The Big Bang Theory is the most prominent and widely accepted scientific explanation of the origins of the universe. This cosmological model postulates that the universe had extremely hot and dense conditions around 13.8 billion years ago, and then proceeded to expand from that initial state. It has opened up new avenues in our knowledge about cosmic evolution while posing many challenges to the scientific community.
The Big Bang theory discovers its origins as early as the beginning of the twentieth century. The first indication of a redshift in distant galaxies was seen in 1912 by the astronomer, Vesto Melvin Slipher, who showed that the universe was expanding. The claim set a new foundation for the understanding of cosmic behavior. The following years saw the introduction by the physicist Albert Einstein of his General Theory of Relativity, which eventually provided a way of expressing how gravity and space-time are curved.
The most important event in building the Big Bang Theory was the announcement in 1929 by the astronomer Edwin Hubble of his observations that galaxies are receding from Earth with speeds proportional to their distances. The implication of this observation was not only that using this information the universe could then be said to be expanding but also that the cosmos was dynamic and evolving rather than static. The implications were that of an initial singularity from which all had paremerged.
While scientists went around the universe discovering more things, there were two other discoveries that further solidified the development of the Big Bang Theory. One was the cosmic microwave background radiation (CMB) detected by Arno Penzias and Robert Wilson in 1965. This very thin glow that fills up the universe is deemed as a form of afterglow from the former Big Bang and thus becomes a piece of compelling evidence proving the hot and dense beginnings of the universe. The second was the observation of the denseness of hydrogen and helium, showing how it ranges in apparent high agreement with estimations provided by the Big Bang Nucleosynthesis model, which describes how the first atomic nuclei formed within a very few minutes after the Big Bang.

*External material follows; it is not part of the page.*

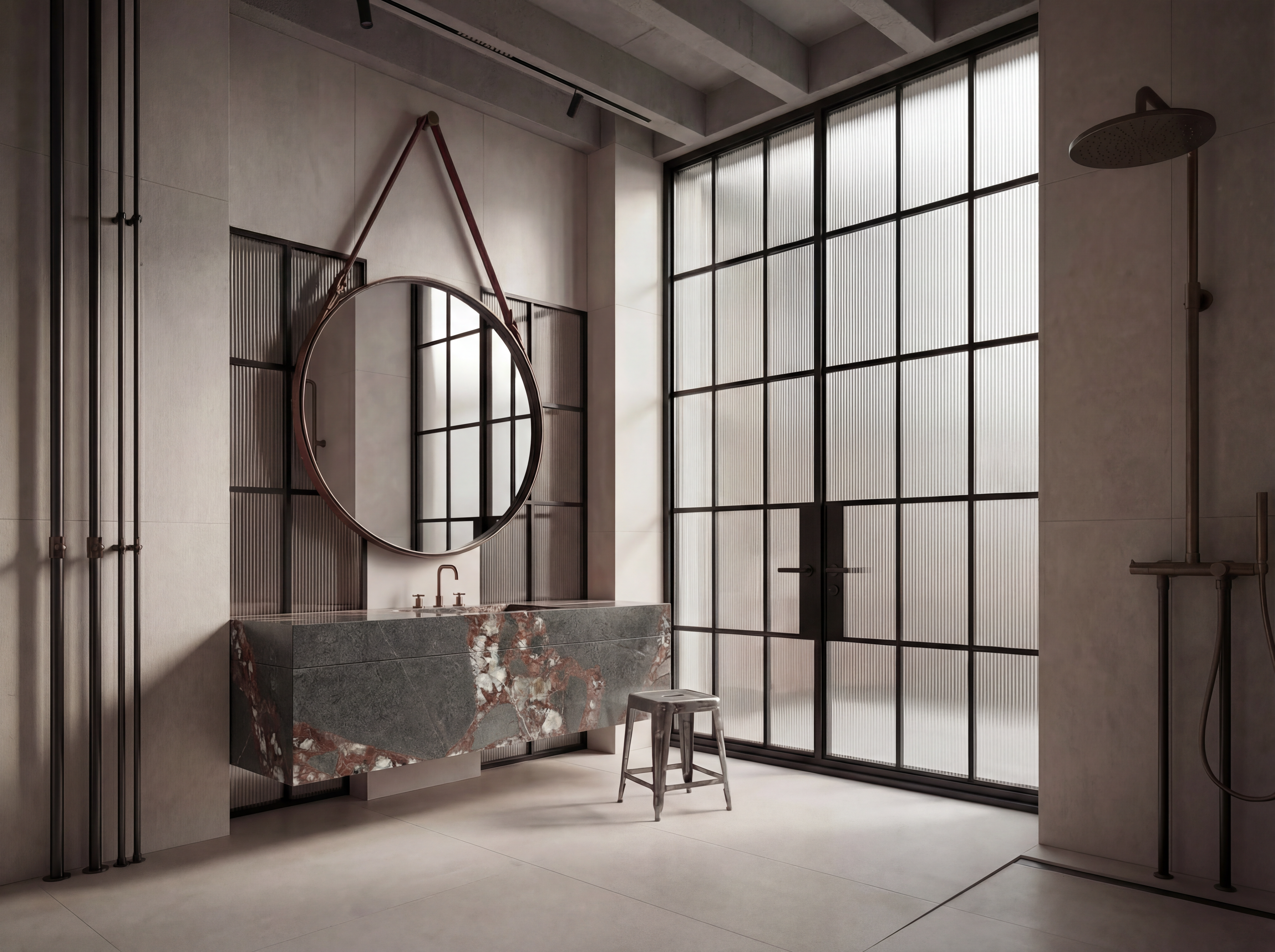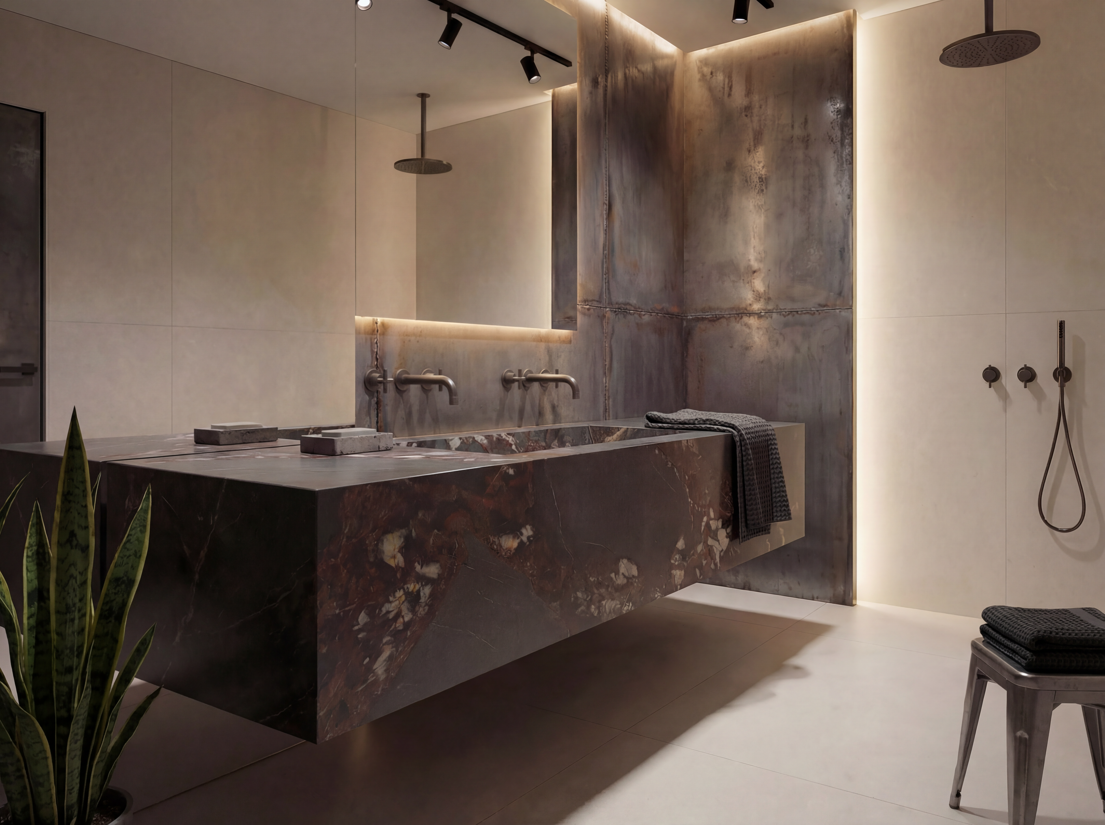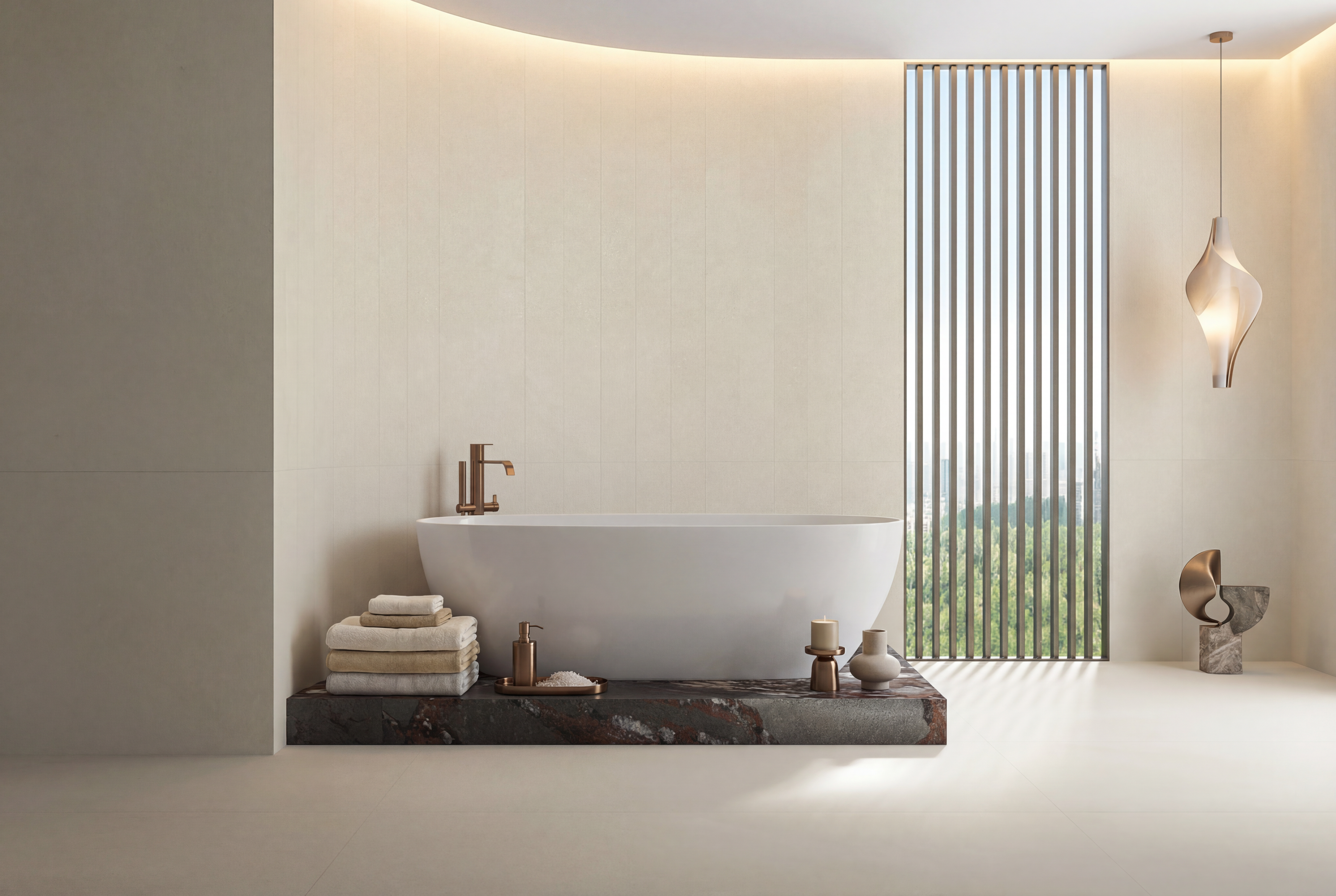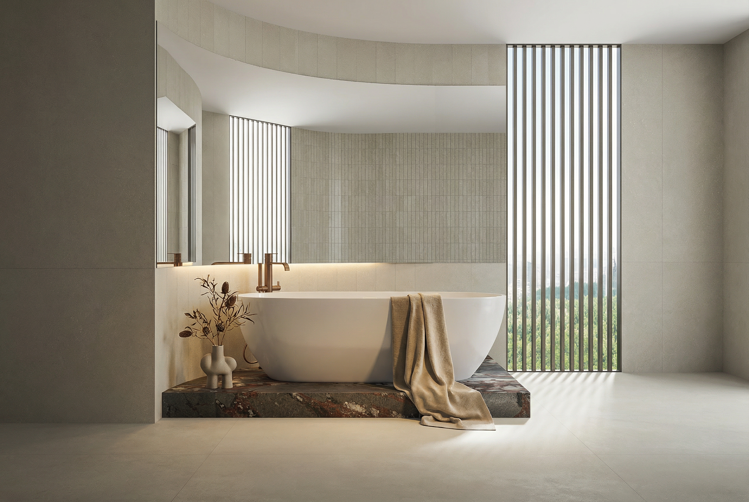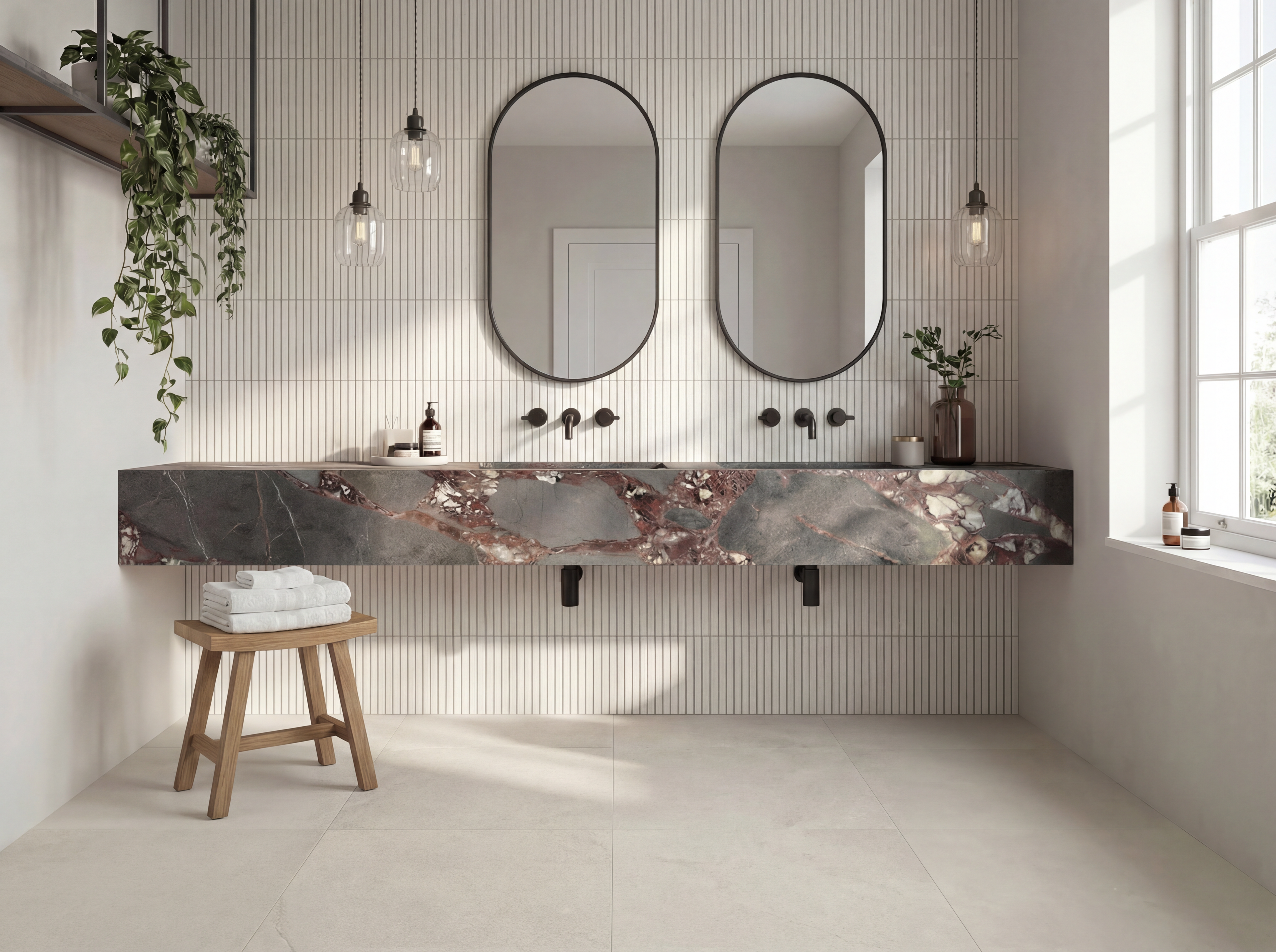 Coastal Industrial blends architectural strength with calm natural texture. Bois Jourdan and Moon Light tiles are used across floors, walls, and even ceilings — creating a monolithic, wrapped-space effect. The curved shower wall clad in Stix XL mosaics introduces movement and softness, contrasting beautifully with the industrial character of the tile. Tuscan Bronze tapware brings warmth and grounds the palette, making the space feel modern, sculptural, and richly tactile.It’s industrial, but not cold. Contemporary, but still comfortable. A bathroom with strong lines and soft curves — made for modern architecture and thoughtful interiors.

Despite all this compelling evidence on the Big Bang Theory, there are voices of dissent. The cosmic mysteries that continue to baffle–especially the uniformity of the CMB and the large-scale structure of the universe–only serve to cast doubt on whether big bang theory is the complete answer. Such ambiguities have led to countertheories, such as the Steady State Theory, which states that the universe is in the process of expanding continuously without beginning or end, and the cyclic model, which claims that the universe consists of infinite phases of expansion and contraction.
In addition, there are complexities created by dark matter and dark energy. The Big Bang Theory is inclusive of almost everything else seen in the cosmic evolution; however, the realization of dark matter and dark energy complicates the vision. Dark matter, not giving off any light and truly interacting only by means of gravity, is said to be about one quarter (27 per cent) of the universe. The remaining part of the universe, estimated at approximately 68 per cent, is due to an inscrutable force known as dark energy. Understanding its rôle within Big Bang theory could deepen insight into the fate of the universe in the end.
To sum up, the Big Bang Theory remains the bedrock of modern cosmology, backed up by a great deal of observational evidence and scientific reasoning. Endless debates and research about the composition and behavior of the universe, however, never cease to enrich our understanding, revealing the intricacies of cosmic history. The further and further the scientists go into the unknown, the investigation into understanding the universe continues, reminding that the tale of creation is far from being complete.